Third, the hyped up news: Greening says teachers and pupils rose to the challenge of the ‘rightly more challenging tests’.   She gives percentages for those meeting the new ‘expected standard’ in reading, maths and writing.  But just under half of 11 year-olds did not reach the ‘expected standard’ when all three subjects are combined. 

Fourth, the news which undermines Government claims elsewhere: academies are supposed to have freedom to opt-out of the national curriculum.  But Greening admits reformed tests are ‘set against the new national curriculum’.  Primary academies can’t opt out because tests will check whether they’ve followed it.  Academies’ ability to opt-out of the national curriculum is an illusion.

Has Greening really listened to teachers as she claims?   Helen Ward, writing in TES, suggests not. She recommends:

1         Major changes to writing assessments;

2         Rewriting the reading test;

3         Taking a different approach to early years and recognising the popularity of the EYFS profile.

4         Including all aspects of primary assessment in the consultation including the phonics check.  Ignoring this could result in the ‘piecemeal change’ Greening says she wants to avoid.

5         Greening needs to convince teachers she is ‘genuinely listening’.

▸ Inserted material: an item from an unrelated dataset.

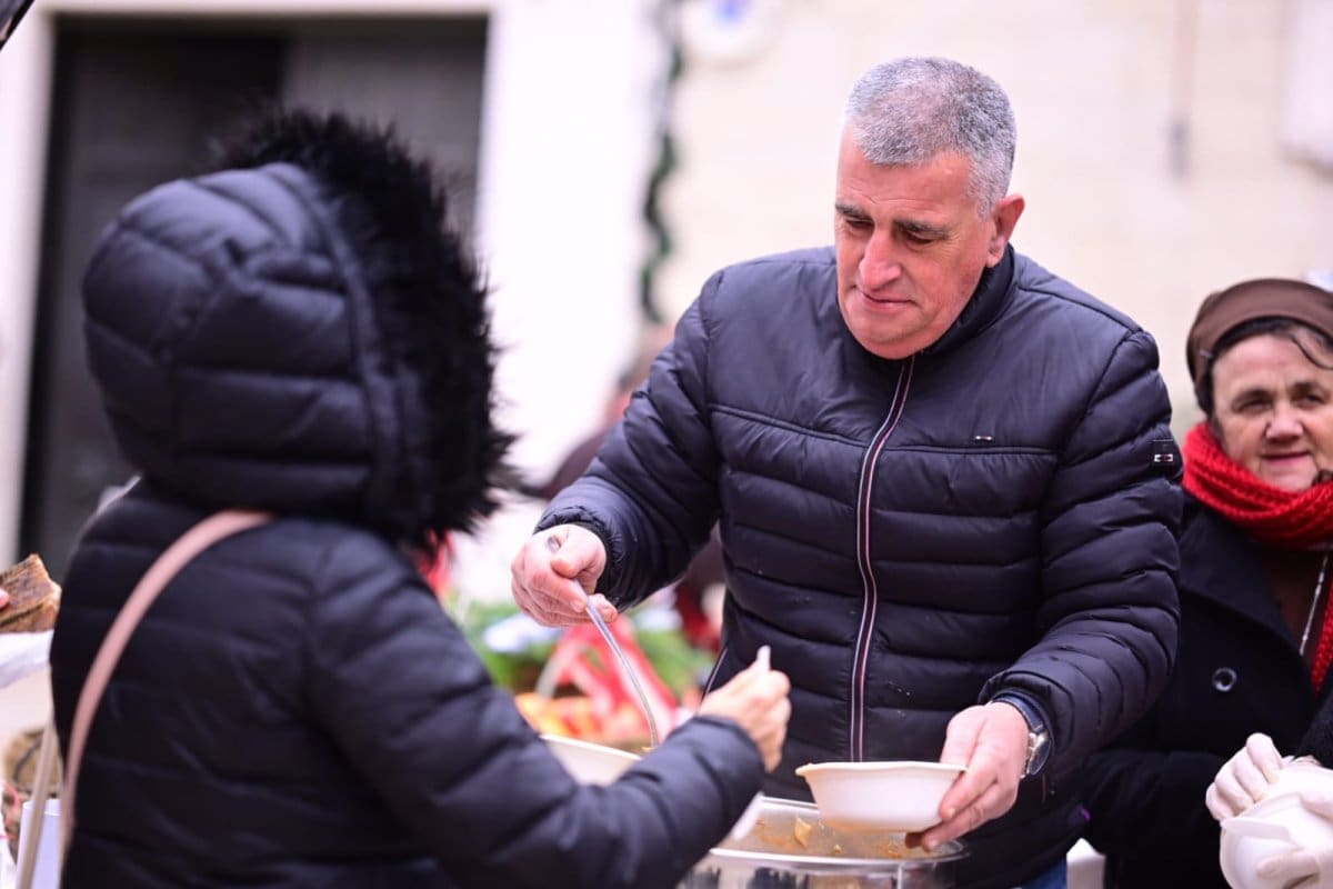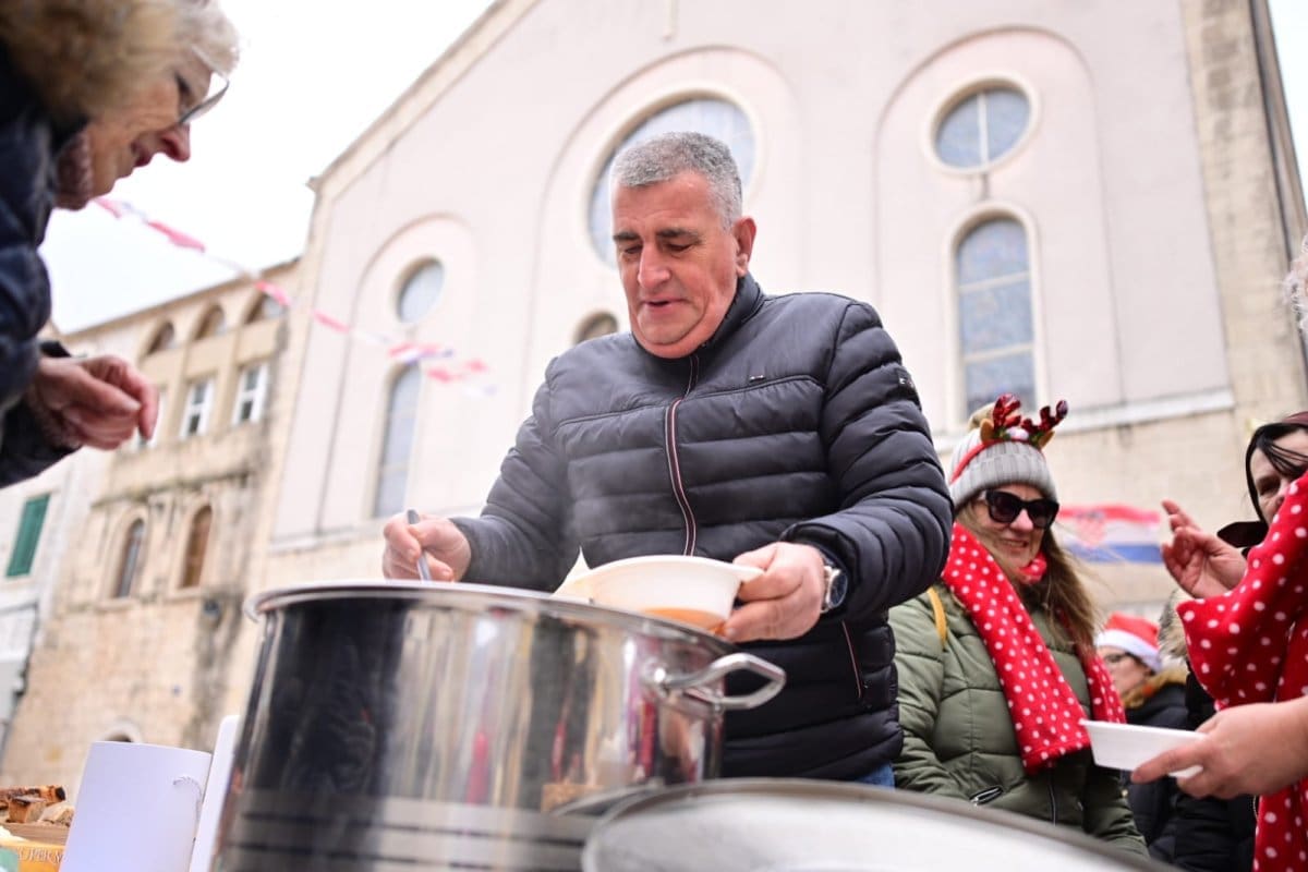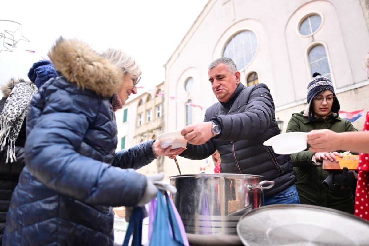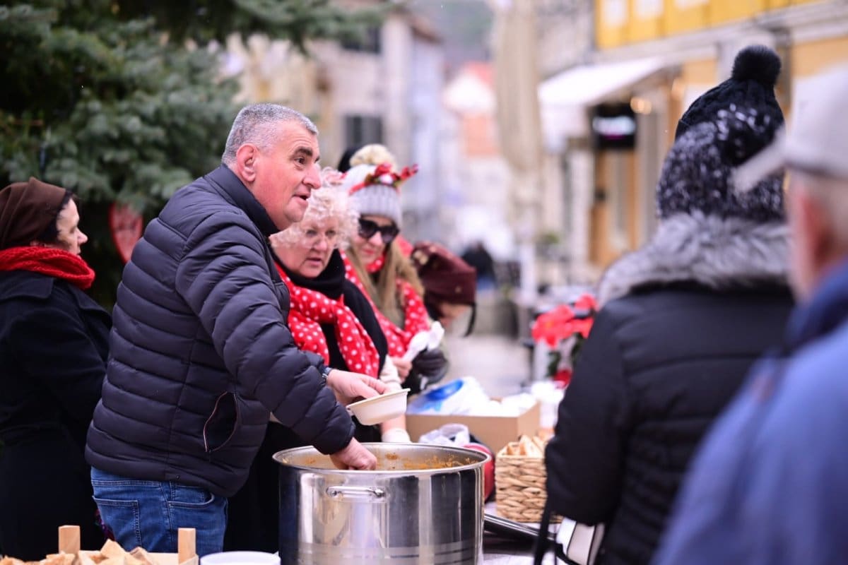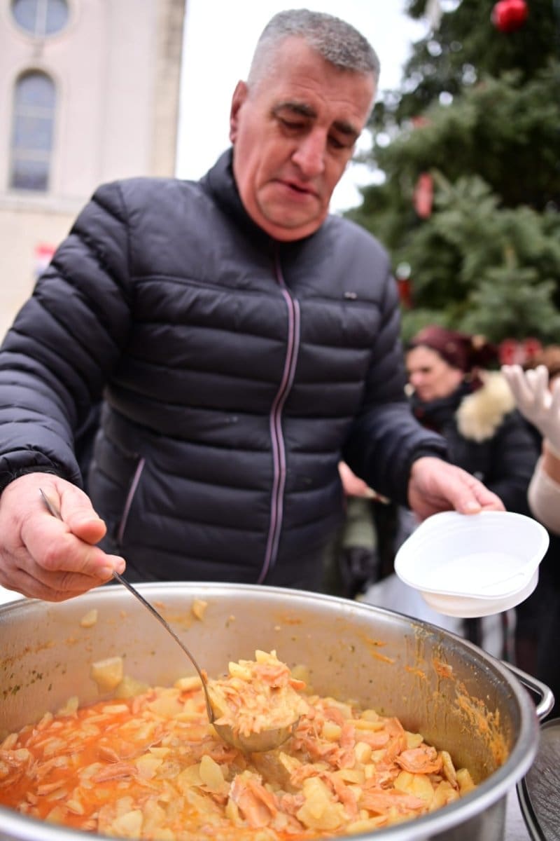 Centar Sinja danas je bio pun, usprkos buri koja nas je ohladila posljednja dva dana. Badnji je dan, a tradicija je da se na Badnjak jede bakalar. Tako su i Sinjani imali priliku probati bakalar, a servirao im ga je, među ostalima, i gradonačelnik Miro Bulj.

Has Greening done enough to ward off a SAT boycott in 2017?  Possibly not because she ignores the elephant in the room: tests in England have no educational purpose.    Their primary purpose is to judge schools. 

Teachers do not need mandatory tests at the end of primary school (rare in other countries) to assess pupils’ achievement.   On-going assessment does that.   These compulsory tests distort what is taught, place unnecessary pressure on teachers and pupils and turn Year 6 into a miserable year of practicing papers and drilling.  That’s not education.